WORK ITEM: In the listing below, find the line holding "Mens Royal Blue" and the line holding "Rescued at sea, but". Write out those two lines and all lines between, exactly, and nothing more.
Start of PROVIDED MATERIAL
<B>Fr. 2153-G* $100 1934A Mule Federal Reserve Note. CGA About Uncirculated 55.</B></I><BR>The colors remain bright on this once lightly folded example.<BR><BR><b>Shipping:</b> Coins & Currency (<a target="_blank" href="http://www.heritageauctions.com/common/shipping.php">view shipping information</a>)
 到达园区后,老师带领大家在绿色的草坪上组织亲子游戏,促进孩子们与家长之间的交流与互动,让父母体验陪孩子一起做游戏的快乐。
End of PROVIDED MATERIAL
Start of PROVIDED MATERIAL
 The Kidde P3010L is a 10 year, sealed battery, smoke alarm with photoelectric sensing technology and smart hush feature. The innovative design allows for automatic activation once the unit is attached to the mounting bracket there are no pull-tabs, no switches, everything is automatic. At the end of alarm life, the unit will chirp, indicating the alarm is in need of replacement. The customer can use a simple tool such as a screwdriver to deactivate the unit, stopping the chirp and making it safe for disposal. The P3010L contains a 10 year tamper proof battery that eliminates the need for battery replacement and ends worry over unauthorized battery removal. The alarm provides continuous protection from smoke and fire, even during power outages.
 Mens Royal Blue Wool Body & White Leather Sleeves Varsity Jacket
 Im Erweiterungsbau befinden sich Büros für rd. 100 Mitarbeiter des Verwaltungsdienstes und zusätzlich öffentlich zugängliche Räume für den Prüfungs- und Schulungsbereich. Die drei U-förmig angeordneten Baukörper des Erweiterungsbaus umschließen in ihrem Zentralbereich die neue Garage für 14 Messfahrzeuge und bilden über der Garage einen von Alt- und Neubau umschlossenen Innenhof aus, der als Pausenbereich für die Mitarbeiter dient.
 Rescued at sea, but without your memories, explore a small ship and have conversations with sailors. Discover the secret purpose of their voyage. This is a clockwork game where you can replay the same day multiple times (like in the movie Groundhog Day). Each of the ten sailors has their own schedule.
End of PROVIDED MATERIAL
COMPLETED EXERCISE:
 Mens Royal Blue Wool Body & White Leather Sleeves Varsity Jacket
 Im Erweiterungsbau befinden sich Büros für rd. 100 Mitarbeiter des Verwaltungsdienstes und zusätzlich öffentlich zugängliche Räume für den Prüfungs- und Schulungsbereich. Die drei U-förmig angeordneten Baukörper des Erweiterungsbaus umschließen in ihrem Zentralbereich die neue Garage für 14 Messfahrzeuge und bilden über der Garage einen von Alt- und Neubau umschlossenen Innenhof aus, der als Pausenbereich für die Mitarbeiter dient.
 Rescued at sea, but without your memories, explore a small ship and have conversations with sailors. Discover the secret purpose of their voyage. This is a clockwork game where you can replay the same day multiple times (like in the movie Groundhog Day). Each of the ten sailors has their own schedule.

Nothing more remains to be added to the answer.